#### [Exercise details]
Exclude the pictures and set down, unaltered, the lines from the one that holds "88₽ ❗️ (везде: 200+₽)" through the end of the data.

-------- Information given --------

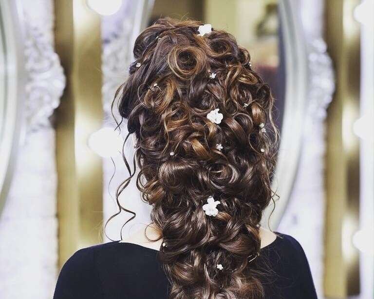 It’s amazing how a simple twist can transform the most basic of french fishtail bridal hairstyles into something incredible. This gorgeous curly hairstyle has been elevated to the next level (figuratively and literally) with some twists and floral accessories.
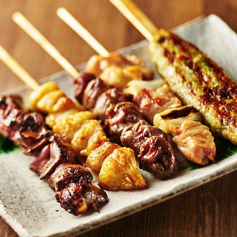 新鮮な国産鶏を厳選!肉厚で食べ応えもしっかりあり、ジューシーな旨みが絶品の焼き鳥です!特製のタレか塩かお選びいただけます!飲み放題付きコースはもちろん、食べ放題コースにもご用意ございます!
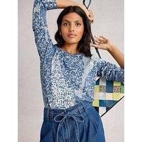 White Stuff Olive Print Jumper Size & Fit True to size - order your usual size Regular fit Available in sizes 8 - 18 Details Olive Print Jumper by White Stuff Blue Crew neckline Long sleeves Ribbed hem and cuffs Floral print Material & Care Material Content: 54% ORGANIC COTTON 30% MODAL 16% POLYESTER Washing Instructions: Machine Washable
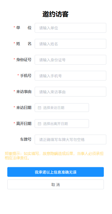 进入“邀约访客”,如实填写申报内容。
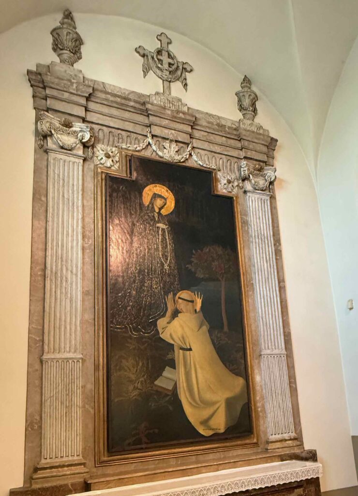 Ainsi qu’un tableau de Notre-Dame donnant le rosaire à saint Dominique, signé Gustav Van den Woestyne. Expression des visages, couleurs sombres et touches dorées : cette œuvre est largement influencée par les Primitifs italiens que ce symboliste admirait.
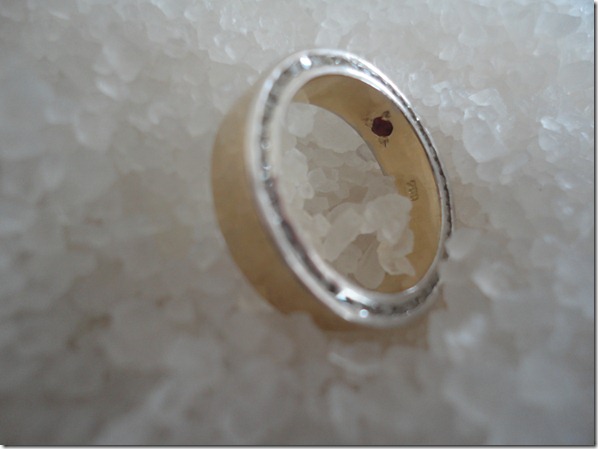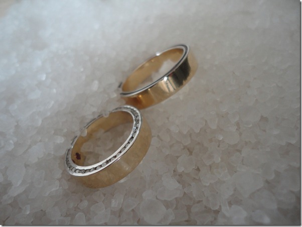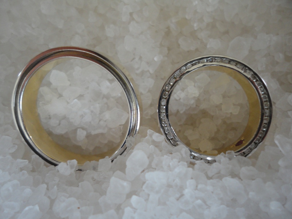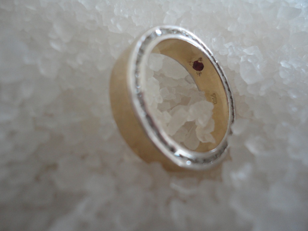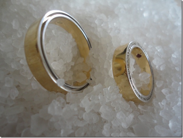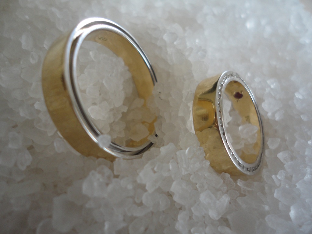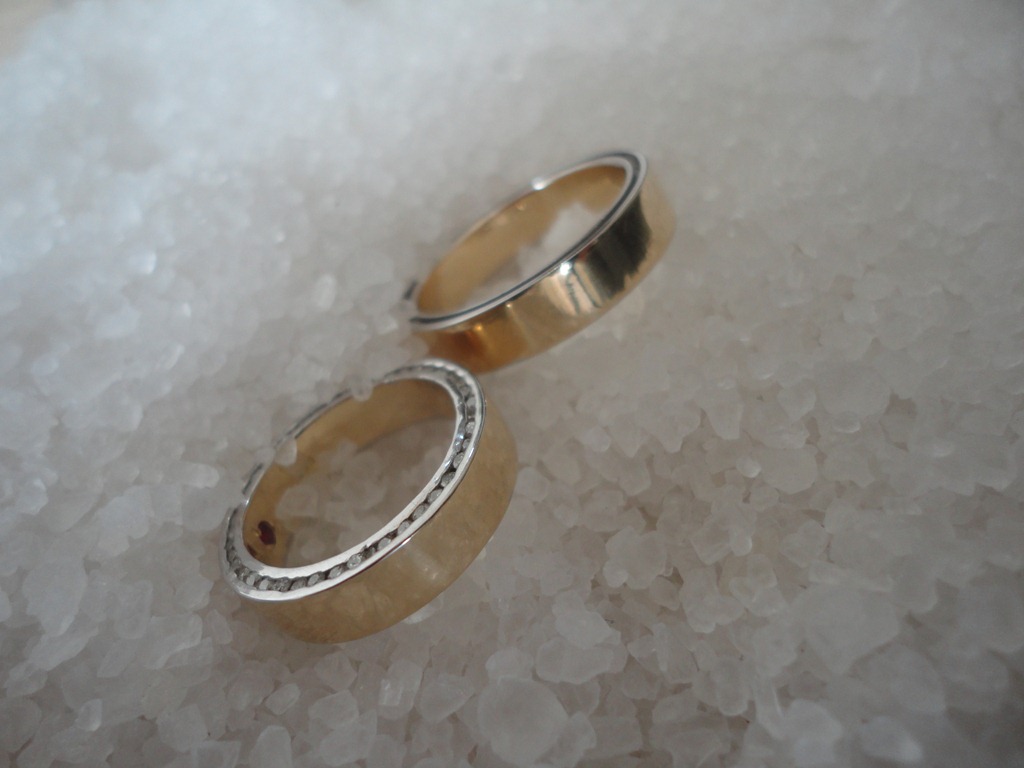 As alianças são em ouro amarelo,com as laterais em ouro branco.A dela ainda tem a lateral cravada de mini-brilhantinhos,e dentro, um rubi vermelho,representando o
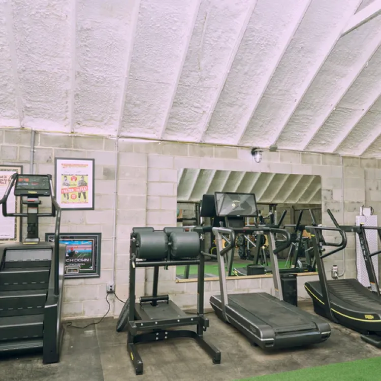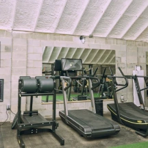 Experience a fully equipped gym that blends rustic charm with high-performance gear, including curved treadmills, rowers, and free weights in an airy, open setting.
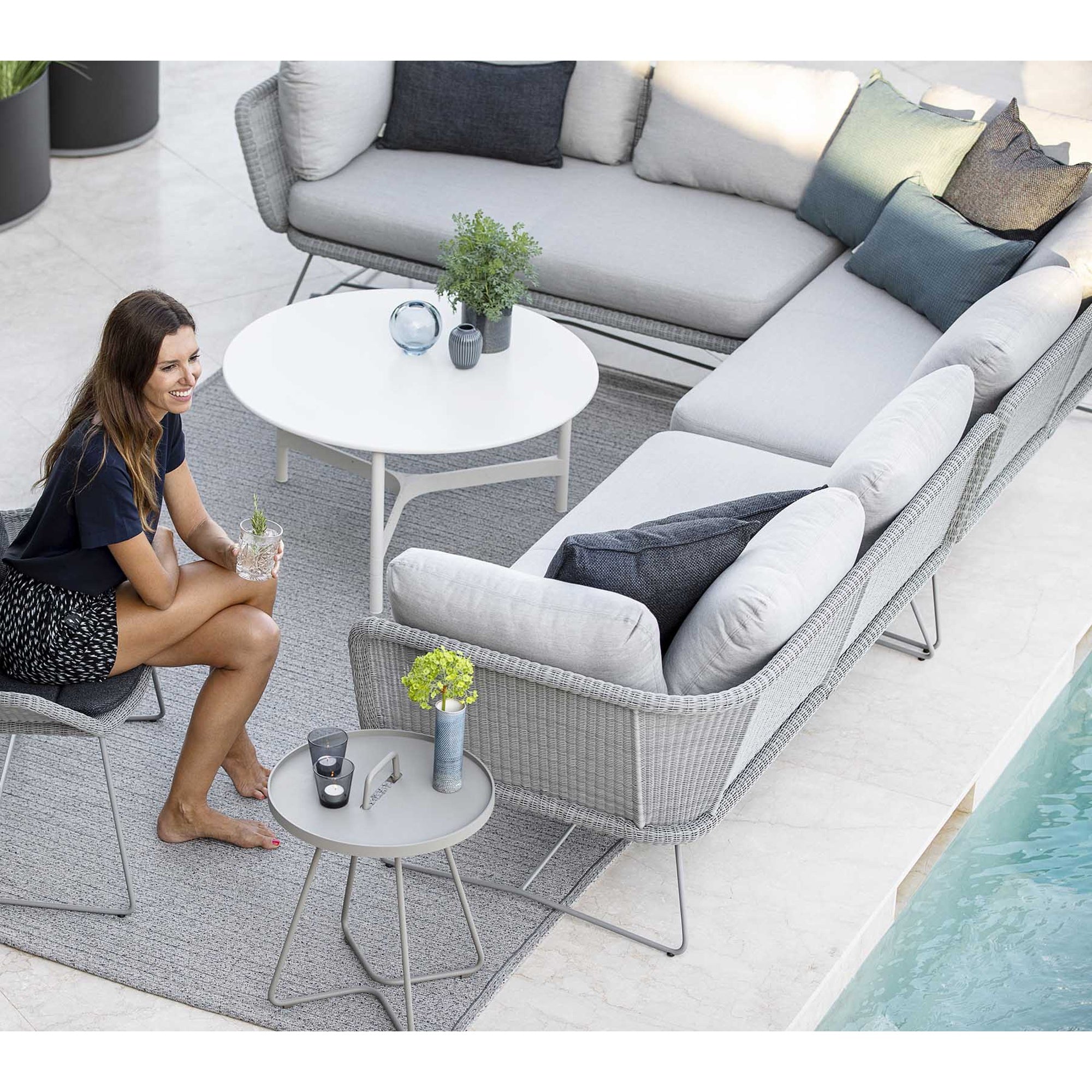 Designed by Cane-line Design, this lounge concept embodies Scandinavian aesthetics with a focus on exceptional comfort and versatile design. Crafted to withstand the elements, it invites relaxation and reflection in any outdoor space. The elegant profile and refined materials create a haven for unwinding and enjoying the surroundings.
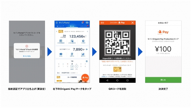 株式会社Origami(代表取締役社長:康井義貴、以下 Origami)は、株式会社クレディセゾン(本社:東京都豊島区 代表取締役社長:林野宏、以下クレディセゾン)との協業により、キャッシュレスを実現するスマホ決済サービス「Origami Pay」のQR決済テクノロジーを提供し、クレディセゾンが、セゾンカード・UCカード会員向けのスマホアプリ「セゾンPortal」「UC Portal」で利用できる決済サービス「セゾンOrigami Pay」「UC Origami Pay」を、2018年1月25日より、開始することを発表します。今回は、Origami Payをオープン化し、他社のアプリでスマホ決済を可能とする初の事例となります。このように、企業のニーズに応じて、アプリなどにOrigamiの技術を搭載することで、迅速かつスムーズにキャッシュレスを実現することができます。
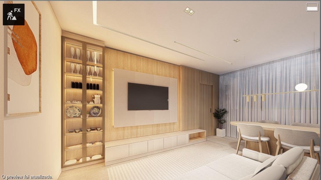 Neste projeto, desenvolvemos o layout da sala de estar e do home office com foco em funcionalidade e integração visual. O objetivo na sala era criar uma sensação de amplitude, ao mesmo tempo em que delimitamos sutilmente os espaços de uso público e privado.
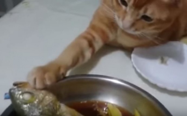 貪吃橘喵上桌伸出「鹹貓手」主人阻止牠依舊頑強:不能吃摸摸也好
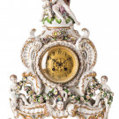 Reloj de sobremesa en porcelana esmaltada de Meissen, con cuerpo en forma de rocalla y decorado por querubines en relieve sosteniendo guirnaldas florales. Rematado por figura masculina alada con querubín. S. XIX.
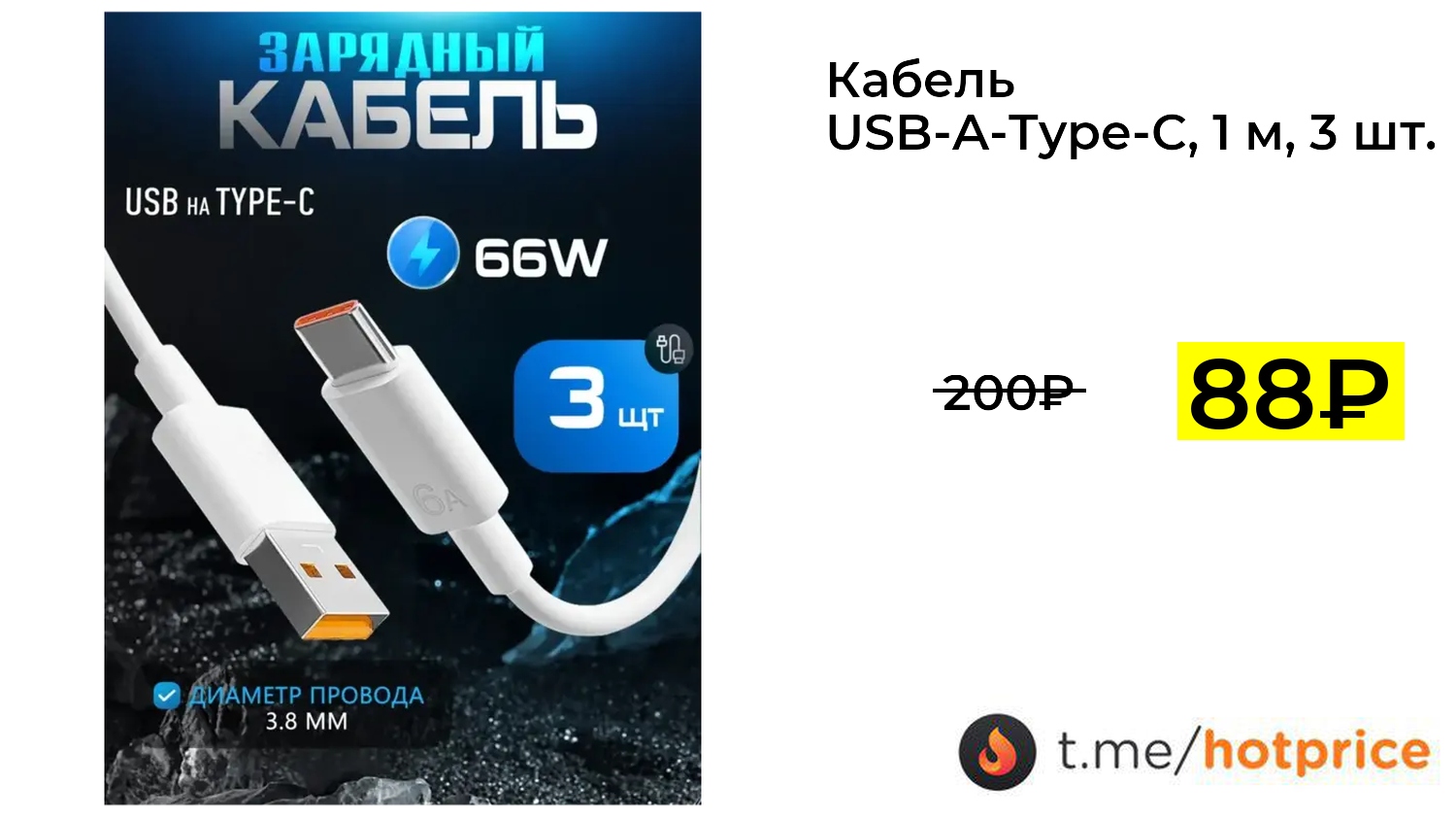 🔹 Кабель USB-A-Type-C, 1 м, 3 шт. за 88₽ ❗️ (везде: 200+₽)
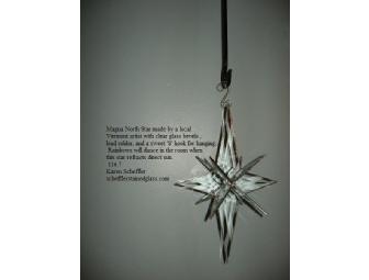 The Magna North Star - made by a local Vermont Artist with clear glass bevels, lead solder, and S hook for hanging. Rainbows will dance in the room when the star refracts direct sun. Measures 11" x 7".
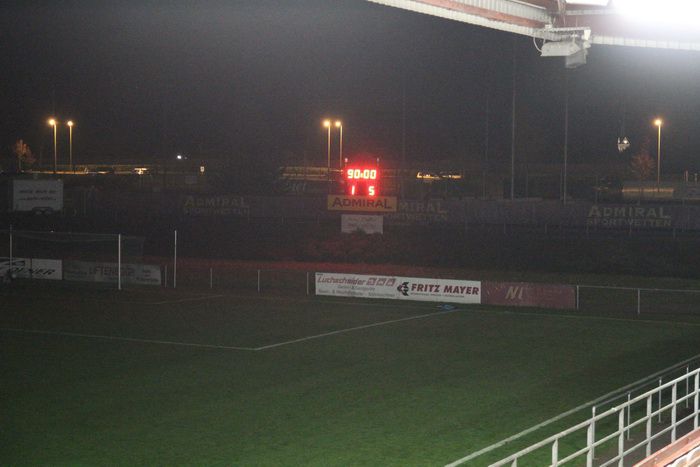 Die Anzeigetafel präsentiert im bereits finsteren Aichfeldstadion das Endergebnis.
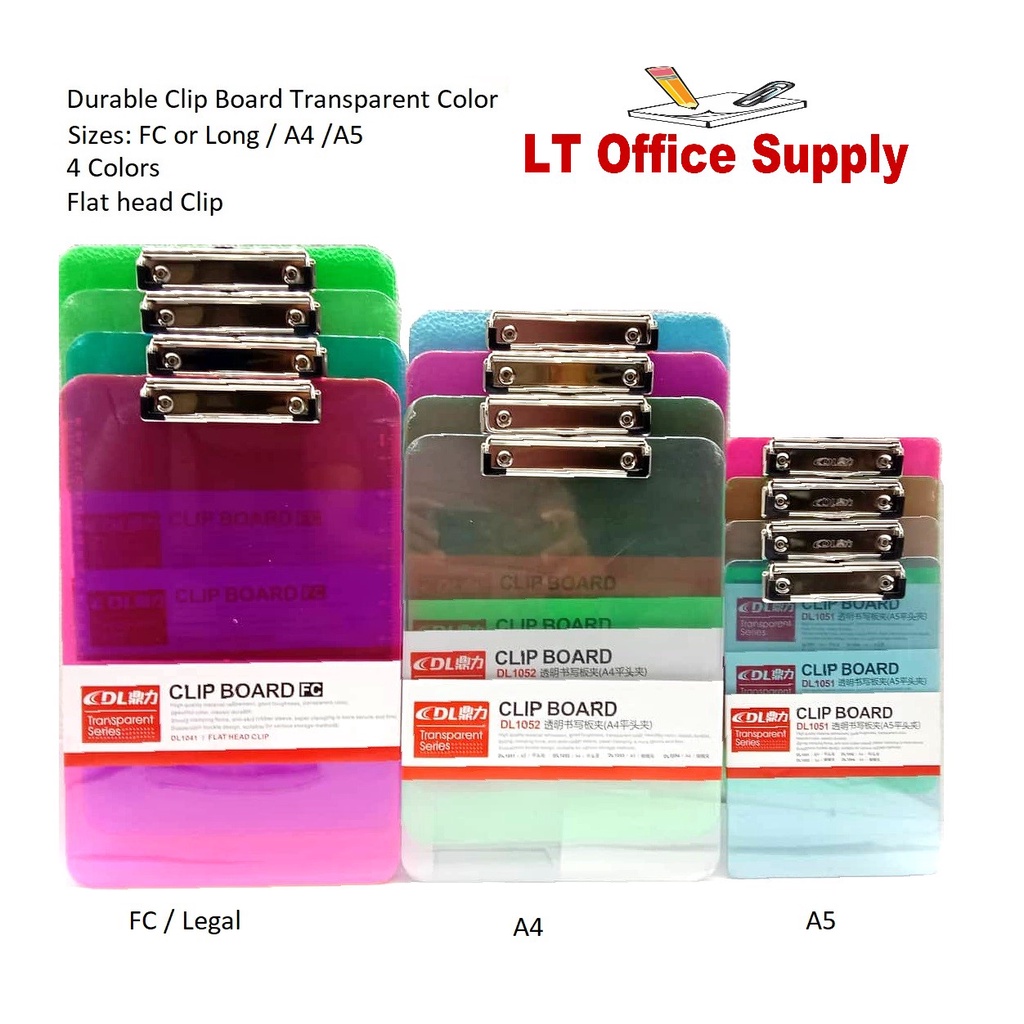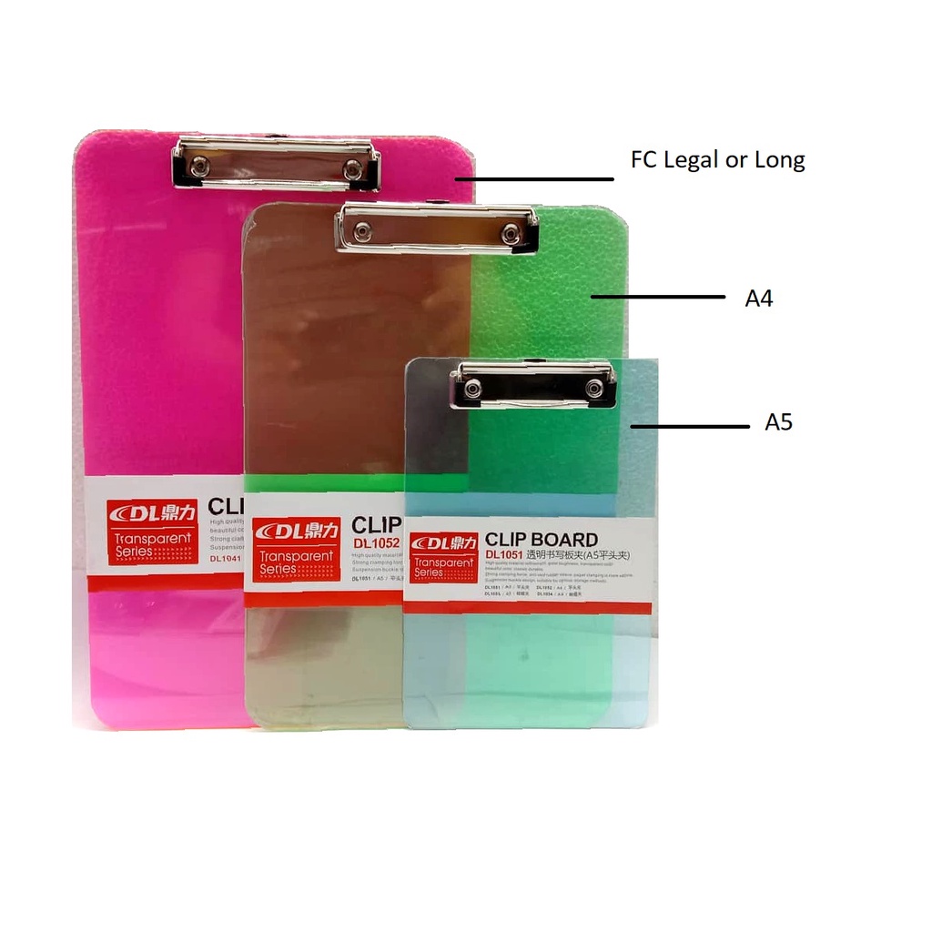 Dingli DL Office Clip Board Durable Plastic Clipboard Translucent Color

--------

#### [Expected answer]
 🔹 Кабель USB-A-Type-C, 1 м, 3 шт. за 88₽ ❗️ (везде: 200+₽)
 The Magna North Star - made by a local Vermont Artist with clear glass bevels, lead solder, and S hook for hanging. Rainbows will dance in the room when the star refracts direct sun. Measures 11" x 7".
 Die Anzeigetafel präsentiert im bereits finsteren Aichfeldstadion das Endergebnis.
 Dingli DL Office Clip Board Durable Plastic Clipboard Translucent Color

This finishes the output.